The Arp2/3 complex has a fundamental role in the regulation of actin assembly at endocytic sites. In yeast, Pan1 is a key regulator of Arp2/3 that is known to be essential for endocytosis and actin organization, but the intricate details of the molecular mechanisms of Arp2/3 regulation at endocytic vesicles have eluded researchers — until now. Toshima et al. report in Nature Cell Biology that the kinase Prk1 shuts off Arp2/3-mediated actin polymerization during endocytosis by directly phosphorylating and inactivating Pan1.

Using site-directed mutagenesis, the authors showed that a mutant Pan1 protein that is resistant to Prk1-targeted phosphorylation produced large actin clumps and endocytic defects that were similar to those previously seen in Prk1- and Ark1-mutant cells (Ark1 is a Prk1-related kinase). Further analysis revealed that constitutive dephosphorylation of Pan1 caused filamentous (F)-actin structures to associate with endocytic components.

Loss-of-function studies had previously identified Pan1 as a downstream target of Prk1. Toshima et al. showed that Prk1 directly phosphorylates Pan1 at its N terminus to suppress its function as an Arp2/3 activator. Phosphorylation of Pan1 probably precludes its association with F-actin, thereby preventing it from activating Arp2/3, as a Pan1 truncation mutant that was defective in F-actin binding also lost its ability to activate Arp2/3 both in vitro and in vivo. Structure-function analysis revealed that Pan1 contains a Wiskott-Aldrich syndrome protein (WASP) homology-2 (WH2)-like motif that is necessary for Arp2/3 activation. However, in contrast to previously studied WH2 domains, the Pan1 WH2-like motif is unique in that it does not bind globular (G)-actin, but instead binds to F-actin.

So are the actin clumps that were observed in cells expressing phosphorylation-resistant Pan1 a result of uncontrolled actin polymerization? Consistent with unphosphorylated Pan1 being hyperactive, the authors demonstrated that mutating the F-actin-binding sites in constitutively unphosphorylated Pan1 was sufficient to suppress the formation of actin clumps and the associated endocytic defects. This also confirmed the absolute requirement for F-actin binding to Pan1 prior to Arp2/3 activation.

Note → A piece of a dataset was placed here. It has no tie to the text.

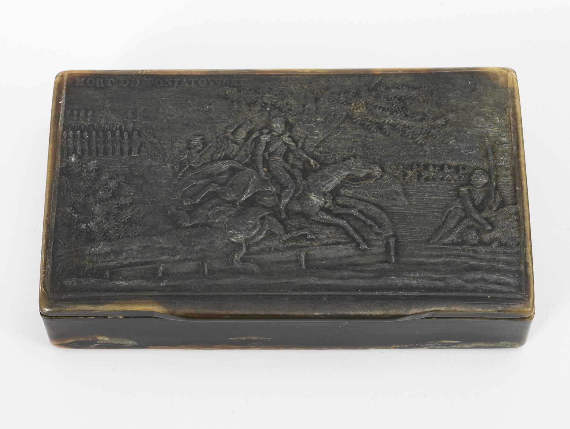 Flat rectangular box, on the hinged lid a battle scene with French inscription: "Mort de Poniatowski". Minor signs of age/use, mostly on the base.

Toshima et al. propose an elegant model whereby, at the onset of endocytosis, Pan1 associates with endocytic proteins at the plasma membrane to activate the Arp2/3 complex and promote actin polymerization. Phosphorylation of Pan1 by Prk1 results in the release of Pan1 from the endocytic machinery as it can no longer bind to F-actin, and so this inhibits its Arp2/3-activator function. Presumably, Pan1 then joins the same machinery as other endocytic components in preparation for starting a new cycle.

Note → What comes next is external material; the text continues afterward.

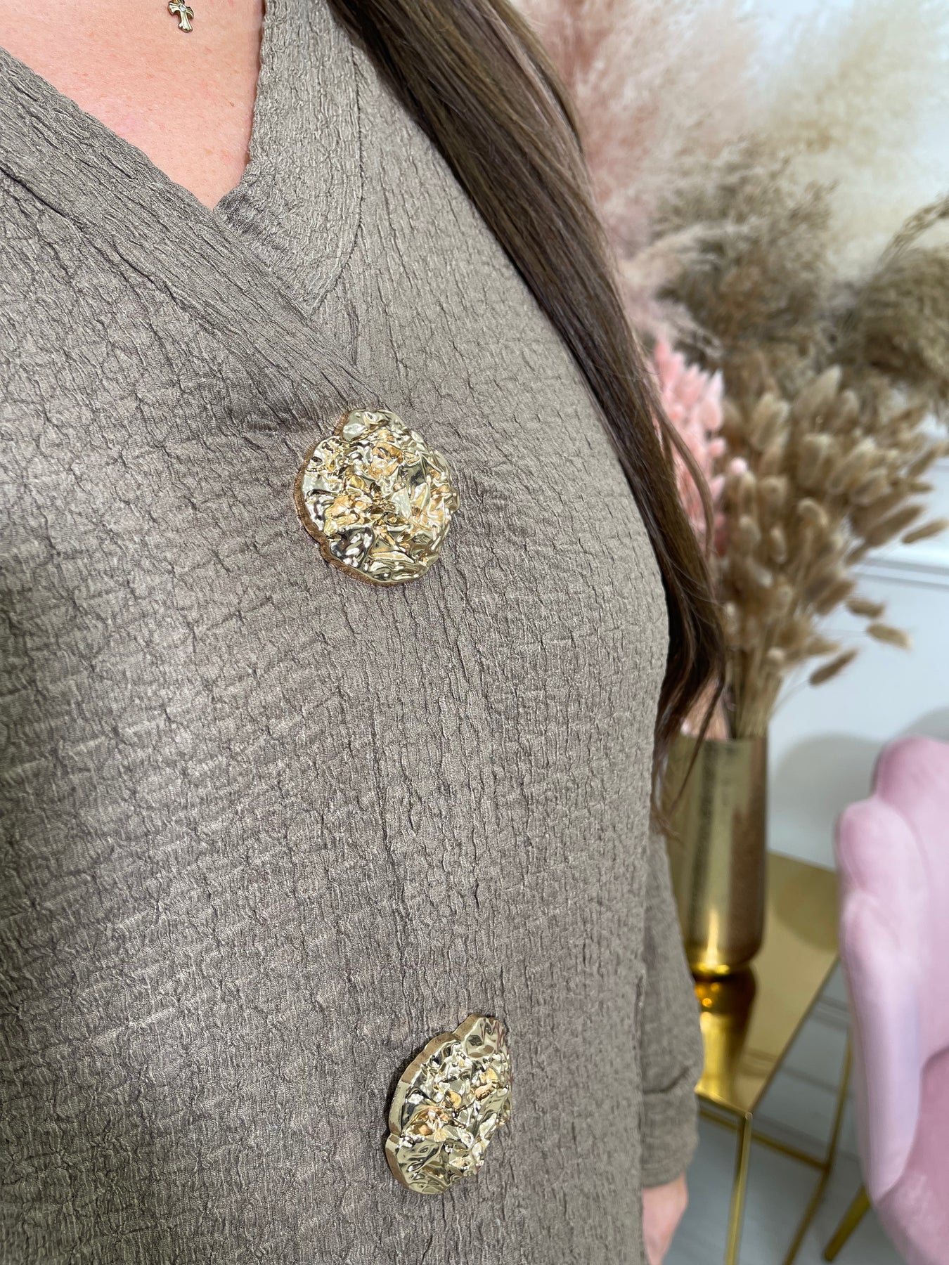 Charlie Mocha Gold Brooch Long Sleeve Trouser Set

Pan1, although an important component of receptor-mediated endocytosis, is not the only activator of the Arp2/3 complex. The authors have already shown that there is considerable overlap between the Pan1 phenotype and phenotypes that are caused by mutations in the WASP-related protein Las17 — a known Arp2/3 activator. It would certainly be interesting to see whether Las17 is also regulated by Prk1-mediated phosphorylation. However, the extent to which the findings reported by Toshima et al. using yeast will translate to more complex organisms remains to be seen, and is certainly something to keep in mind.